Selon acte authentique du 12 novembre 2020, M. [Y] [N] et Mme [F] [E] ont acquis la parcelle AN n°[Cadastre 4] (lot C).
Selon acte authentique du 26 janvier 2021, M. [U] [J] et Mme [A] [V], ont acquis la parcelle de terrain à bâtir cadastrée Section AN n°[Cadastre 5] (lot n° B), en vue d'édifier leur maison d'habitation.
L'accès aux trois lots s'effectue via l'allée des Ecureuils au Nord/Ouest de chaque parcelle.
Le terrain de la parcelle initiale étant en pente, un mur de soutènement préexistait à la conclusion des contrats de vente et la division parcellaire a conduit à ce qu'il se trouve pour partie sur la parcelle des appelants et pour le surplus sur la parcelle des intimés.

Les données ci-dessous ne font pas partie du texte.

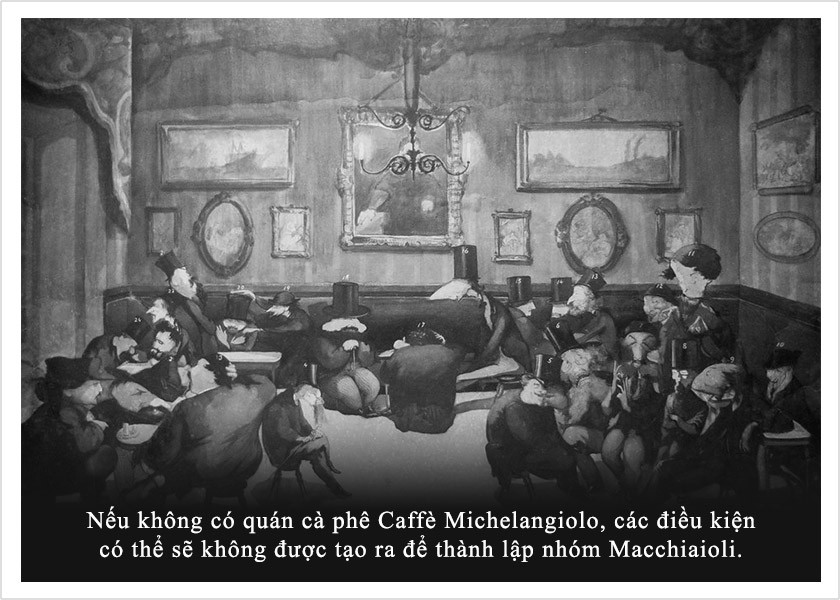 Trong thời kỳ thống nhất quốc gia (Risorgimento), Ý chịu sự thống trị của các cường quốc châu Âu. Từ vị trí lãnh đạo văn hóa và nghệ thuật của châu Âu, Ý trở thành quốc gia bị phân chia không có bản sắc nghệ thuật riêng. Chính giai đoạn này, hàng quán cà phê cũng là nơi những con người mang tinh thần bất khuất của thời đại nuôi dưỡng lý tưởng và thực hiện những cuộc tái tạo vinh quang quốc gia. Quán Caffè Michelangiolo ở Florence là nơi những họa sĩ Ý khởi xướng phong trào nghệ thuật Macchiaioli khơi dậy nghệ thuật Ý, thể hiện tinh thần dân tộc chủ nghĩa thông qua việc sáng tạo phong cách nghệ thuật mới dựa trên những thành tựu nghệ thuật lâu đời của Ý. Vài thập kỷ sau, quán cà phê Caffè delle Giubbe Rosse được vinh danh là “fucina di sogni e di passioni” (nơi rèn giũa những ước mơ và đam mê) cũng là nơi Chủ nghĩa vị lai (Futurism) hình thành, nỗ lực tạo nên bản sắc mới, lấy cảm hứng từ đời sống đương đại và sự tự tôn dân tộc.
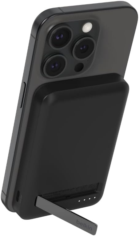 Design & Mobilität: Kompakt (10.7 x 6.6 x 1.8 cm) und mit 218g leicht. Ein ausklappbarer Ständer auf der Rückseite ermöglicht es, das iPhone im Quer- oder Hochformat aufzustellen, während es lädt – ideal für Videos.
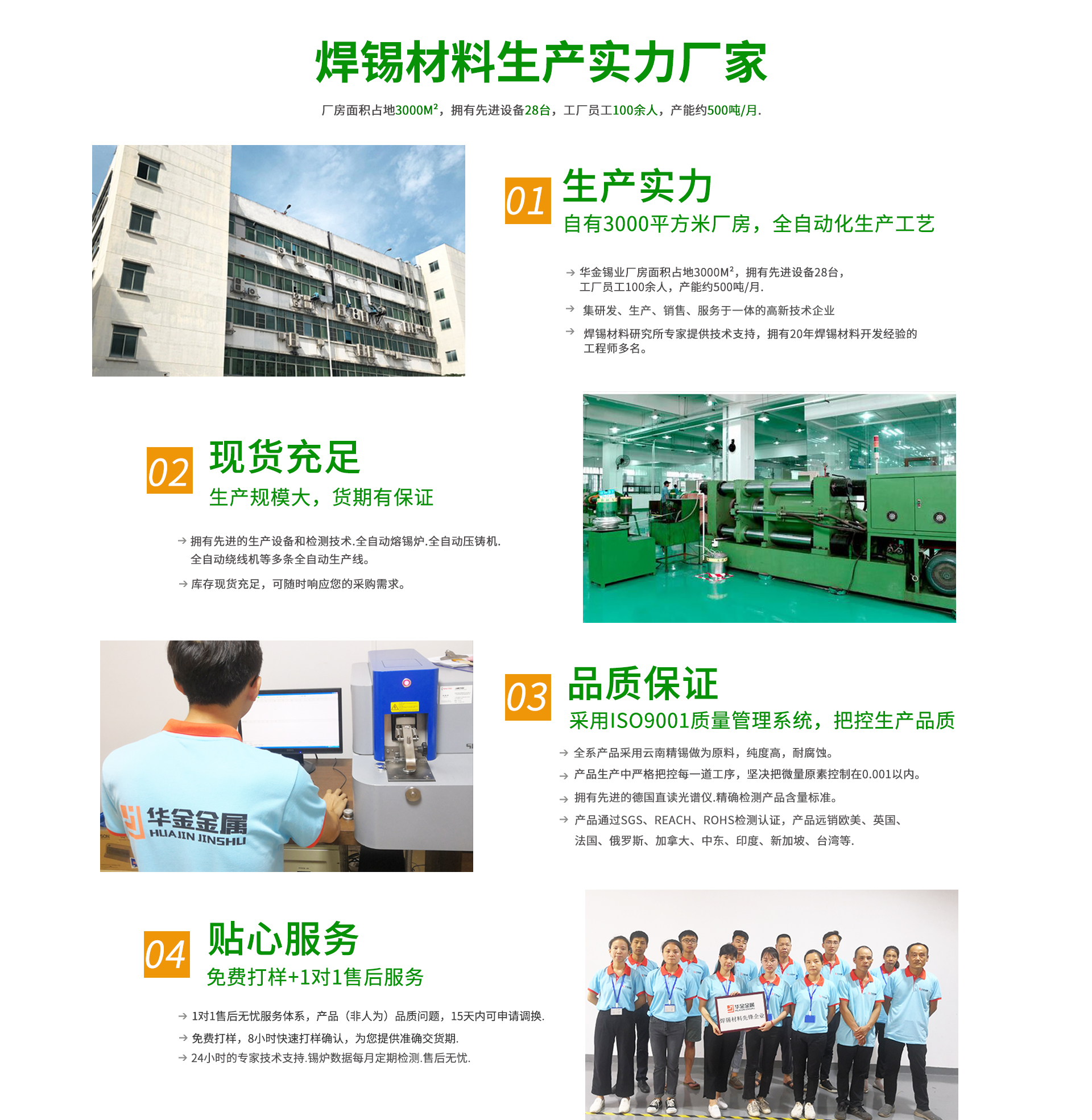 華金錫業有限公司一家資深的專業焊錫制品生產廠家,多年專注焊錫制品生產加工。產品有無鉛錫絲.無鉛錫條.錫板.錫膏.錫珠等.公司憑借多年的經驗和不斷的科技創新.生產的產品各項技術性能均達到國家標準.歐盟標準。并獲得眾多使用廠家的肯定.為適應環保要求.本公司2003年巨資投入生產無鉛焊錫,多年來連續通過SGS環保認證.產品規格齊全,使用性能極佳??蛻羧后w遍布全國各地及國外用戶。華金錫業焊錫制品是選用一線品牌作為原材料,采用選進的配方,精工制作各種規格不同的型號,再采用全自動流水線作業擠拉成各種符合要求的焊錫絲和焊錫條。華金牌焊錫制品以其一流的品質,真誠的服務,產品銷往全國各地,深受廣大用戶的高度贊揚。
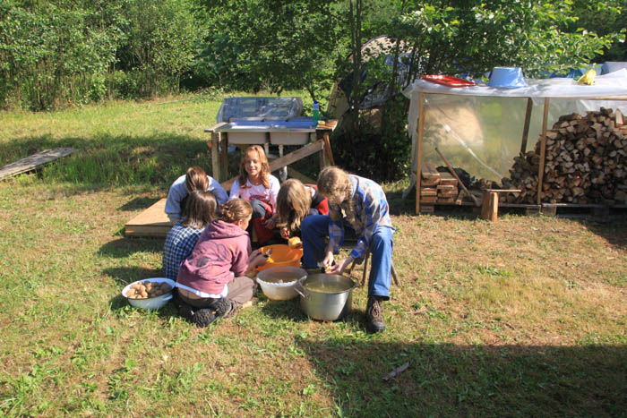 Běžný život táborníka - i indiána - vyžaduje také běžné práce. Škrabky se osvědčily!
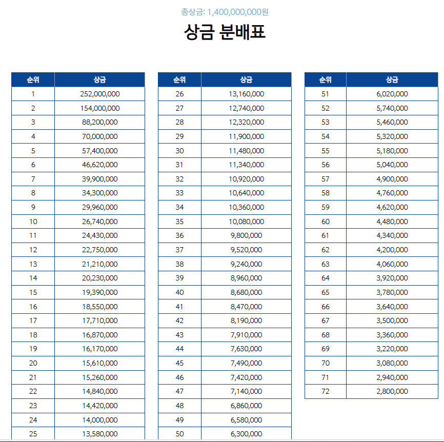 총 138명의 선수 중 72명의 선수가 상금을 받습니다. 우승자는 2억 5천 2백만원, 최저 상금 280만원 입니다.
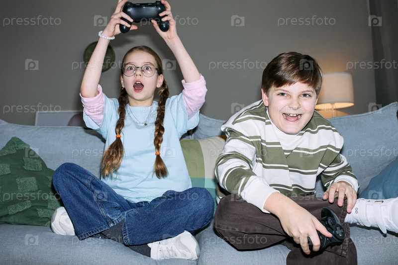Девочка и мальчик играют в видеоигры и выражают волнение
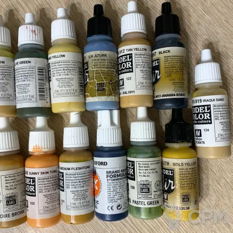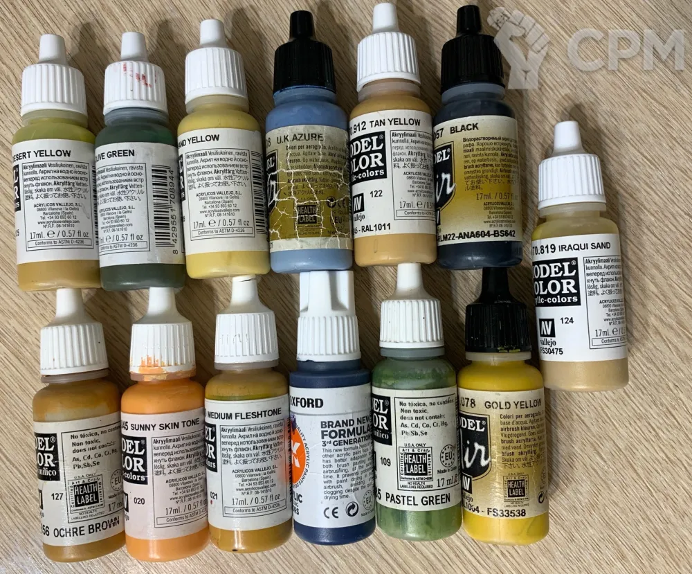 Половина пузырьков свежие-полные, остальные - видавшие виды. Все краски рабочие под кисть, аэром не дул.
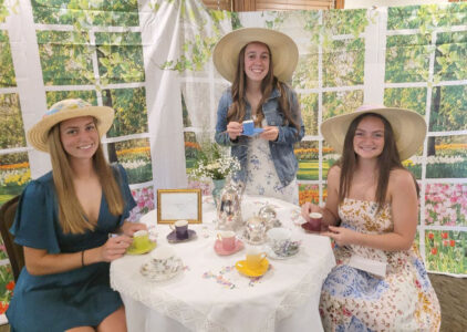 Kingsford and Iron Mountain High School senior girls attended the annual tea hosted by the Iron Mountain/Kingsford Women’s Club. From left are Kingsford seniors — from left are Libby Vross, Audrey Veale and Aubrey Phillips, enjoying the photo booth.
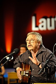 Karl Wolf Biermann is a German singer-songwriter and former East German dissident. He is perhaps best known for the 1968 song "Ermutigung" and his expatriation from East Germany in 1976.

Le 10 décembre 2021 M. [N] et Mme [E] ont conclu un contrat de construction de maison individuelle avec la société Sicovar, exerçant sous l'enseigne Demeures Caladoises, ce contrant incluant la réalisation d'une voie d'accès et de son mur de soutènement entre la rue au [Adresse 9] et la maison des maîtres d'ouvrage.
Selon procès-verbal dressé le 8 juin 2022 par Maître [I] [C], huissier de justice mandaté par la société Demeures Caladoises, il a été constaté qu'à l'occasion des travaux de construction de la maison de M. [J] et Mme [V], il avait été procédé à la démolition de la partie du mur de soutènement qui se trouvait sur leur terrain ainsi qu'à un décaissement empiétant sur celui de M. [N] et Mme [E], en sorte que l'accès au chantier de ces derniers était devenu impossible depuis l'allée des Ecureuils en raison de l'instabilité du terrain et du terrassement réalisé par leur voisin.
Par courrier du 15 juin 2022, la société Demeures Caladoises a indiqué qu'en raison de ces difficultés, le démarrage des travaux devait être reporté au 1er juin 2022.
Des négociations se sont engagées entre les parties via leurs conseils au sujet notamment de la prise en charge des frais devenus plus importants d'édification d'un nouveau mur de soutènement, lesquelles n'ont pas abouties.
Par acte du 22 janvier 2024, M. [N] et Mme [E] ont fait assigner M. [U] [J] et Mme [W] [J] devant le juge des référés du tribunal judiciaire de Lyon afin d'être autorisés à exercer un droit de tour d'échelle pour édifier le mur de soutènement de la voie d'accès à leur terrain.
Par acte du 20 mars 2024, ils ont fait assigner Mme [A] [V], propriétaire du terrain.
La jonction de ces deux procédures a été ordonnée.
Par ordonnance du 29 mars 2024, le juge des référés du tribunal judiciaire de Lyon a :
Constaté le désistement d'instance de M. [N] et Mme [E] de leurs demandes à l'égard de Mme [W] [J] et par conséquent son extinction la concernant à la date du 25 mars 2024 ;
Autorisé Mme [F] [E] et M. [Y] [N] à exercer un tour d'échelle et à pénétrer, ainsi que toute entreprise de leur choix, sur le terrain de M. [U] [J] et Mme [A] [V]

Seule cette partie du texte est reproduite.